This column contains data in many different formats:

* Some years are in parentheses.
* Some years have c. or C. before them, indicating that the year is approximate.
* Some have year ranges, indicated with a dash.
* Some have 's to indicate a decade.

In [22]:
# make list of special characters in strings
bad_chars=['(',')','s','c','C','.',' ',"'"]

In [23]:
# define function to remove bad chars from string

def strip_char(string):
    for char in bad_chars:
        string=string.replace(char,'')
    return string

In [24]:
# Clean 'Date' column

for row in moma:
    row[6]=strip_char(row[6])

In [25]:
# print 'Date' column values to inspect

for row in moma[:10]:
    print(row[6])

1986
1978
1889-1911
1927-1940
1903
1957
1924
1978-1983
2001
1941


# 8. Parsing Numbers from Complex Strings, Part Two

There are two different scenarios that we need to cater for when converting these to integers:

* Some are a single year, e.g. 1912.
* Some are ranges of years, e.g. 1913-1923.

When you encounter data like this, you need to make decisions on how you'll proceed. One option might be to discard all approximate years so we know that our calculations are exact. Because we're calculating an artist's age, approximate data is fine — the difference between an artist being 42 and 44 years old, for instance, is more nuanced than we need.

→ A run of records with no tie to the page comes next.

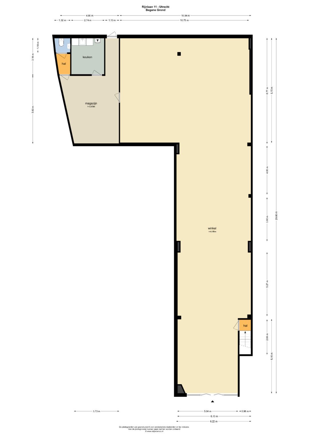 In het totaal is de ruimte 291 m² v.v.o. groot met een frontbreedte van circa 5 meter. Het grootste deel daarvan bevindt zich op de begane grond, een klein gedeelte is gelegen in de kelder die middels een trap te bereiken is. Aan de achterzijde van de ruimte is een kantoorruimte en een magazijnruimte gesitueerd.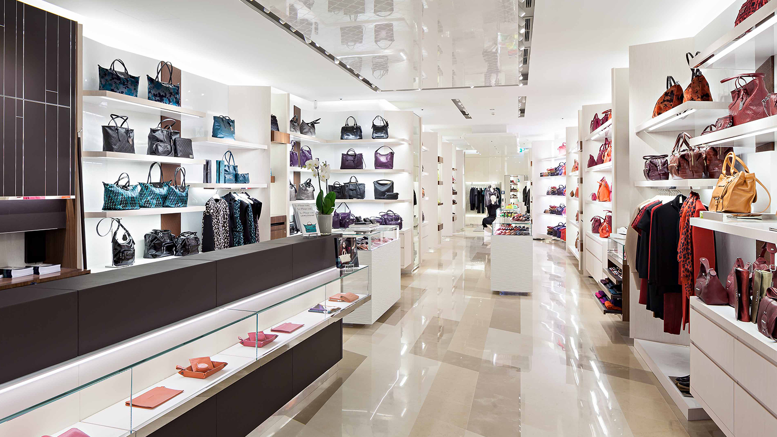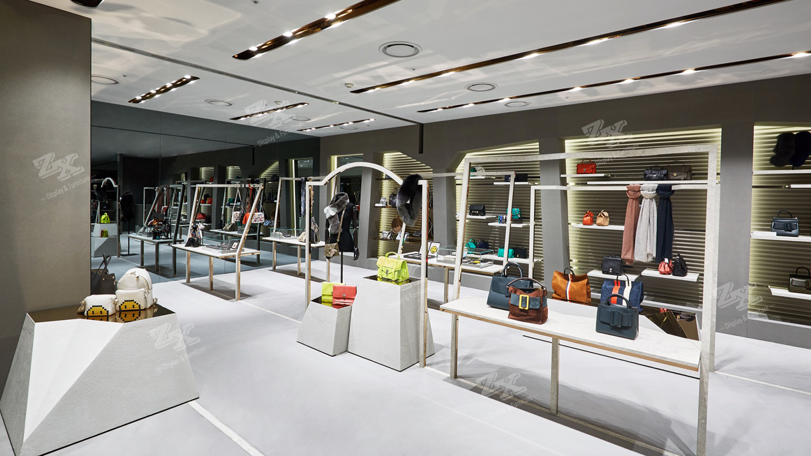 Luxury Store Fixtures Wall Display Shelves for Luxury Boutique Bag Store Interior Display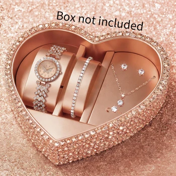 Luxury Rhinestone Women’s Quartz Watch Set – Elegant Steel Band Ladies Wristwatches, Diamond Jewelry Style Reloj Mujer (1/3PCS, Without Box)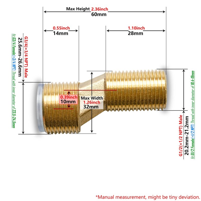 Easily change from standard G1/2 Thread to G3/4 Thread(or from G3/4 to G1/2), for connecting G1/2 Thread to G3/4 thread Connections/Interface/Nuts/Pipes.

Here are the ways we'll treat the various cases:

* Where there is a single year, we'll keep it.
* Where there is a year range, we'll average the two years.

 For this, we'll use the str.split() method. This method is used to split a string into a list of strings

In [26]:
# define function to calculate average of range years and convert to int
def process_data(date):
    if '-' in date:
        date_1,date_2=date.split('-')
        date=round((int(date_1)+int(date_2))/2)
    else:
        date=int(date)
    return date

In [27]:
# store cleaned values
for row in moma:
    row[6]=process_data(row[6])

In [29]:
# print few values to inspect
for row in moma[:15]:
    print(row[6])

1986
1978
1900
1934
1903
1957
1924
1980
2001
1941
1950
1963
1910
1934
1997


In this mission, we learned how to:

* Remove unwanted characters to "clean" data stored as strings.
* Make data more uniform by replacing characters and modifying the case.
* Handle errors during data cleaning.
* Parse and clean complex strings.